» **About this exercise**:
The lines below starting at the line containing "Boven: Veiling van" and ending at the line containing "学生对方法1和方法2的判断正" are to be repeated exactly, with both ends kept and nothing else added.

» **Exercise material**:
------------------------
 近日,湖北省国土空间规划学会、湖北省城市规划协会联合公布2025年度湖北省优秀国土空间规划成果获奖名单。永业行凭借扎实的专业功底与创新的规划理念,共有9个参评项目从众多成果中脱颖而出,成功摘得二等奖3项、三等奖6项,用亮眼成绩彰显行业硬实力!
------------------------
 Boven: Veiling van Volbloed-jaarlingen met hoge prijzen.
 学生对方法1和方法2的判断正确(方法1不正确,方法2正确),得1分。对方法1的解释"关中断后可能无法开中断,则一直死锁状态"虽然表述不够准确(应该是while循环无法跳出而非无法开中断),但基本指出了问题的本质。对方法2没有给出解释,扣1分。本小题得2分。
------------------------
» **Solution to the problem**:
 Boven: Veiling van Volbloed-jaarlingen met hoge prijzen.
 学生对方法1和方法2的判断正确(方法1不正确,方法2正确),得1分。对方法1的解释"关中断后可能无法开中断,则一直死锁状态"虽然表述不够准确(应该是while循环无法跳出而非无法开中断),但基本指出了问题的本质。对方法2没有给出解释,扣1分。本小题得2分。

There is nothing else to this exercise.